警備員はそれを逆手にとり、本当は10分で着く距離を20分かけて出動したりするわけです。
 
なぜそのようなことをするかというと
 
・出動までの準備に手間取る。
 
・わざと出動を遅らせ警報対応に行く回数を減らす。(その分他の人が行ってくれる
 可能性がある)
 
・警報のキャンセル待ち。

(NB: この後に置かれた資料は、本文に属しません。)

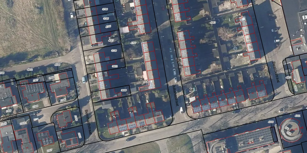 Julianastraat 3 is gelegen op kadastraal perceel ADK00K4756. Deze kadastrale aanduiding is uniek en wordt gebruikt door het Kadaster om eigendomsrechten en andere zakelijke rechten vast te leggen. Het perceel maakt onderdeel uit van de kadastrale gemeente Andijk.
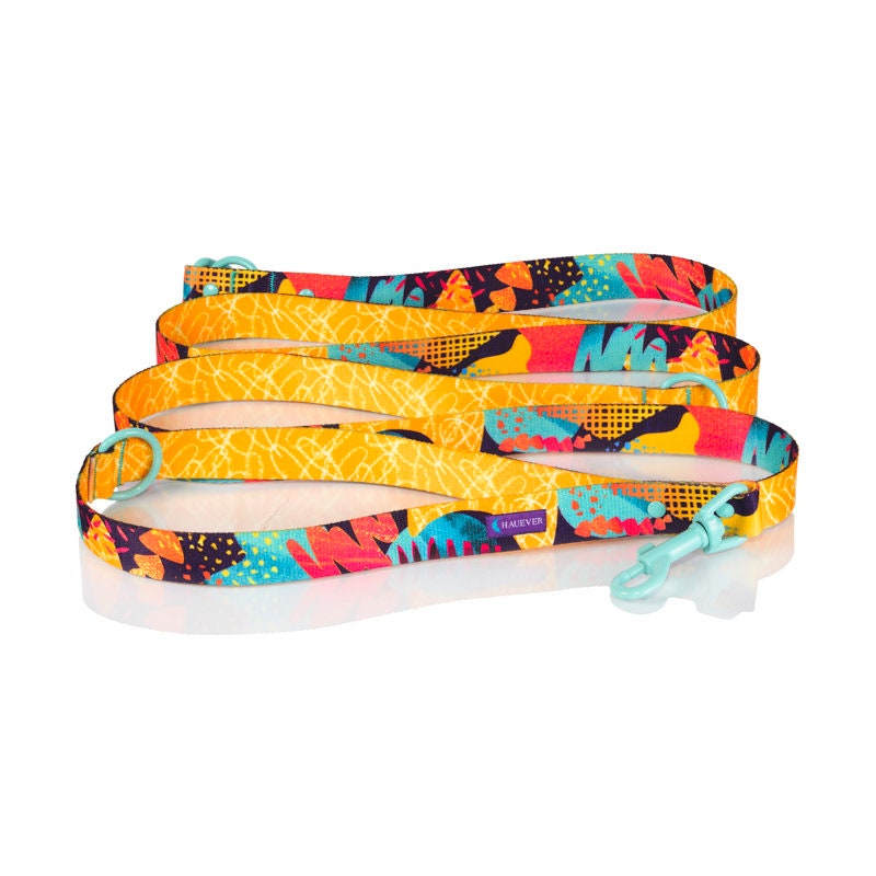 Choose the size & color of fittings/hardware for your own personalized collar – you can create your own product by choosing hardware (hardware = carabiners) in different variants. We use 7 juicy colors: – rose – yellow – black – mint – azure – red – violet Which width to choose? – we recommend 4/5” (2 cm) for small & medium dogs & 1” (2.5) cm for large dogs DO NOT FORGET to add a note to the order with information which one you have chosen. Adjustable leashes are a good solution for dogs whose goal in life is to explore every corner of their everyday walking route – & beyond! It is much longer than the urban leash (2.5 & 3 meters), but the distance between the handler & the dog can be easily regulated depending on whether we wish to accompany them ALL the time or to give them some privacy. Webbing Our webbing is soft, light & super-strong. We imprint our designs with dye-sublimation printing so the colors will be strong & probably outlast mankind 🙂 Rivets We use two-sided, metal sewing rivets which are originally produced to sew together leather & thick fabrics. They can withstand large weights & the healthy haul of well bread large human male right after a hefty dinner with desert 🙂 If you are unsure about the lenght or width, please contact us. Adjustable Miami Disco Webbing Dog Leash, Personalized Soft Light Watercolor Splash Lead, Lover Gift
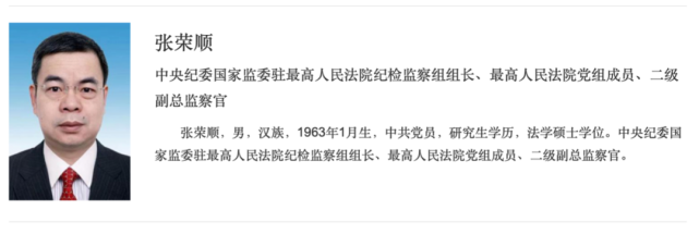北京青年报消息,最高人民法院官网院领导一栏更新显示,张荣顺已经出任中央纪委国家监委驻最高人民法院纪检监察组组长、最高人民法院党组成员、二级副总监察官。他此前担任中央人民政府驻澳门特别行政区联络办公室副主任。
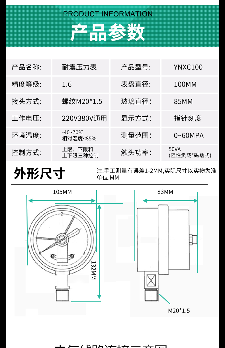 YNXC-100耐震磁助式電接點(diǎn)壓力表
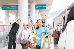 “现在坐火车回家,又快又舒适,还方便携带行李,省心了很多!”乘坐D88次国际旅客列车回家过年的昆明籍旅客张先生,一手提着行囊一手牵着孩子,脸上满是归家的喜悦。他们一家人在老挝从事汽车配件生意已有10多年,现在乘坐中老铁路国际旅客列车,从老挝琅勃拉邦出发,两个多小时就抵达磨憨口岸,通关全程不到10分钟,再过4个多小时,就能回家吃晚饭了。铁路开通前,同样的路程,得整整一天时间,又绕又累。
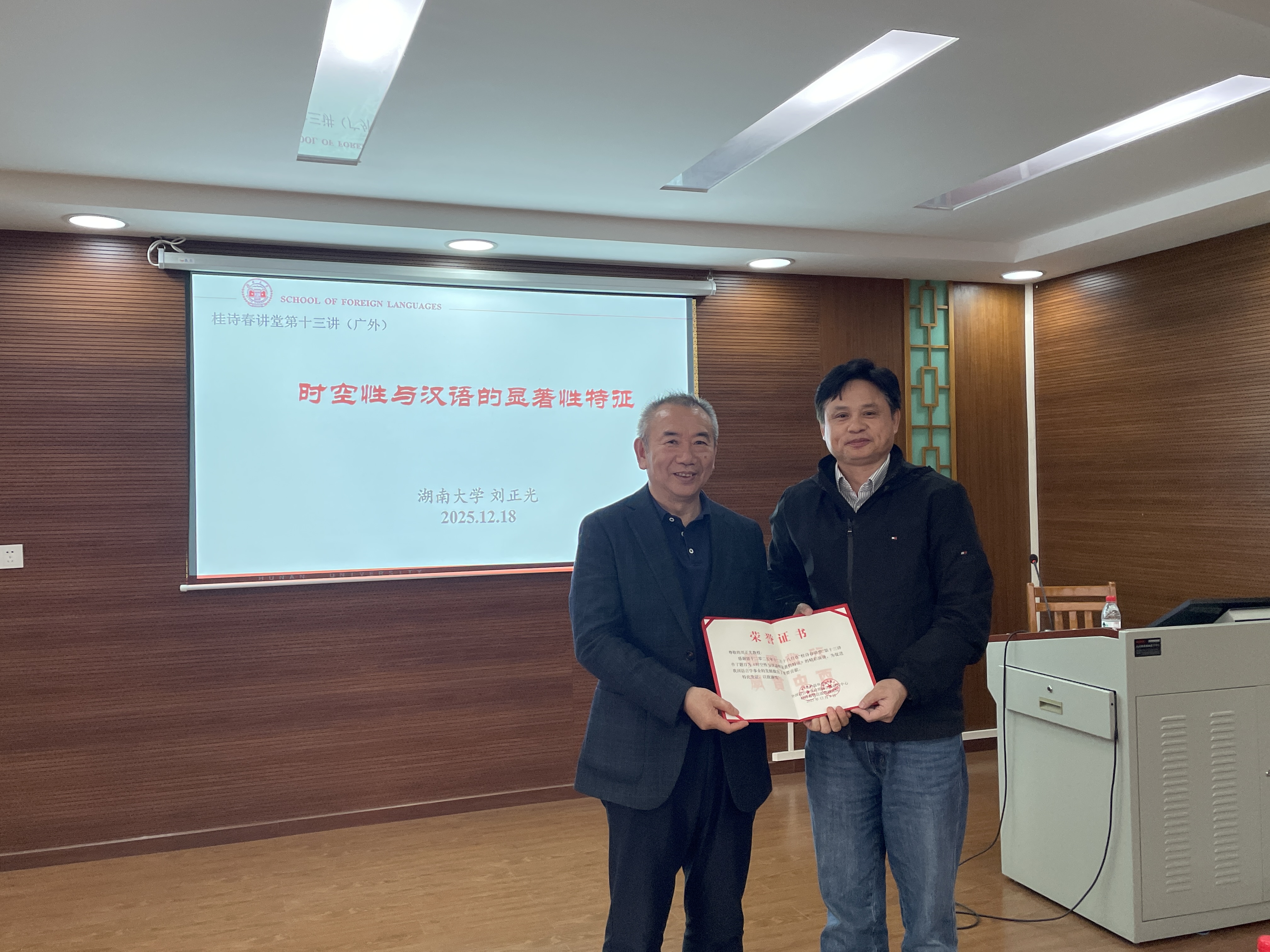 2025年12月18日下午,湖南大学刘正光教授应我中心桂诗春语言高等研究院邀请,在白云山校区八教306室带来了一场题为“时空性与汉语的显著性特征”的专题讲座。讲座由赵晨教授主持,中心冉永平教授、徐海教授、梁利娟教授及校内外众多硕博研究生参与了本次讲座。
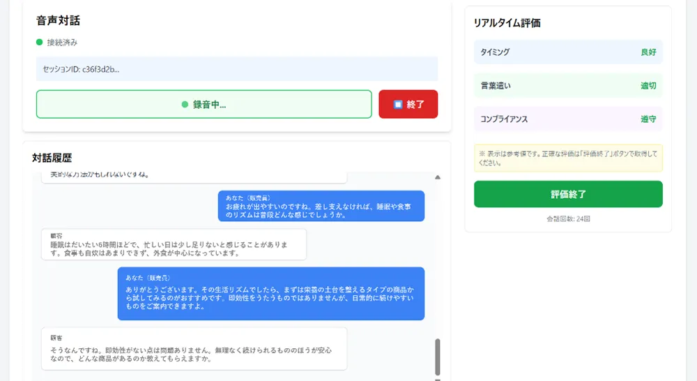 ツールは、仮想顧客との対話がAIによって解析され、販売トークの質が数値化されます。特に法令に関する重要なポイントや顧客満足度を考慮しながら評価が行われ、個々の販売員の成績が蓄積されます。このプロセスにより、従来の主観的な指導からデータに基づく結果重視の評価へと進化します。
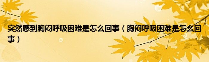 大家好,乐天来为大家解答以下的问题,突然感到胸闷呼吸困难是怎么回事,胸闷呼吸困难是怎么回事很多人还不知道,现在让我们一起来看看吧!
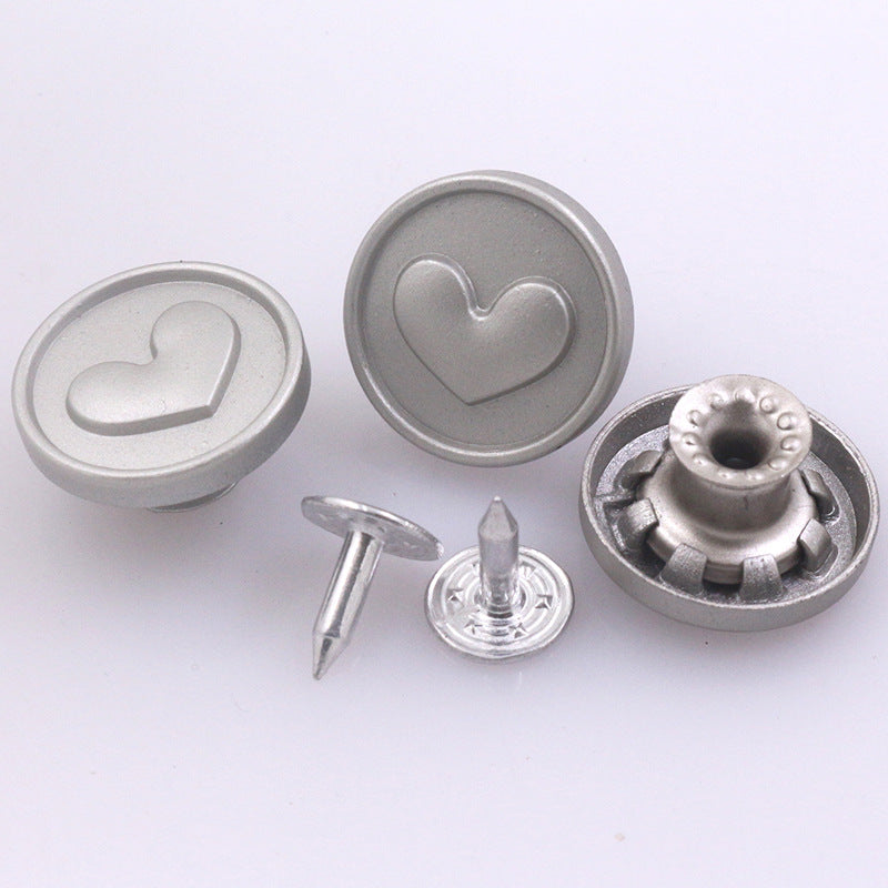 17mm Vintage stříbrný knoflík srdce vzor pro džínovinu 100 ks

条件によっては 警報がキャンセルになる場合があります。
 
 
など、警備員の怠慢で到着までに時間がかかることも多々あります。
 
これは上の立場の人間の指導力に原因が
 
 
 
どうすれば警備員を早く到着させることができるのか
 
これまで書いたように警備員の到着に時間が遅れる理由は様々です
 
警備員の数に限りがあるので仕方ないといえばそれまでですが、警備会社を利用している側次第で改善できることもあります。
 
それは・・・
 
 
めんどくさいお客さんになること
 
 
別にクレーマーになれってことじゃないですよ。
 
警備会社・警備員にとってここのお客さんの対応は間違うとめんどくさい!
 
と思わせることが大事なんです。
 
 
さて、どのようにすれば急いで来てもらえるのかまとめました。
 
契約時に警備員の待機場所とおおよその到着時間を聞いておくこと
 
 
警備員の到着が遅れて被害が出た場合は保証内容をきちんと聞いて
 おくこと。
 
 警報受信からどのくらい遅れた場合にどのような保証をしてくれるのか。
 
 説明がなかったりいまいちわからない場合はどんどん突っ込みましょう。
 
 営業員にプレッシャーを与えます。
 
 
報告書に警報の受信時間と到着時間を必ず記載してもらう。
 
 これはかなり効果てきめんです。
 
 警報から到着までの時間を把握する為ですが、警備員に「このお客さんは遅れると
 クレームになるかもしれないと思わせることができます。
 
 
警報受信から到着までに25分を過ぎていたらクレームを入れましょう。
 
 法律違反ですのでそれ相応の対応をしてもらえるはずです。
 
 改善されない、または対応がよろしくない場合は公安委員会に伝えてみましょう。
 この法律に対して企業に罰則はありませんが、公安委員会の指導が入ることもあります。
 
 
最後に
 
警備会社は到着までに25分(北海道などは30分のところあり)という決まりがありますがそれはあくまで法律上の問題で、実際にはそんなに時間がかかっていては警備会社と契約しているメリットは半減です。
 
警備会社の車も一般車輌と変わらないことを考慮に入れても平均で12〜15分程度で来てほしいものです。
 
 
もちろん優秀な警備会社・警備員は沢山ありますが、地域性や上司の指導力などで差があります。
 
警備会社も警備員も人です。
商売でやっています。
 
自分の自宅や会社をある程度優遇してほしいなら多少めんどくさいお客さんになるのが1番です。
 
 
以上、元某警備会社の監視センター員が語る、警備員を早く到着させる方法でした。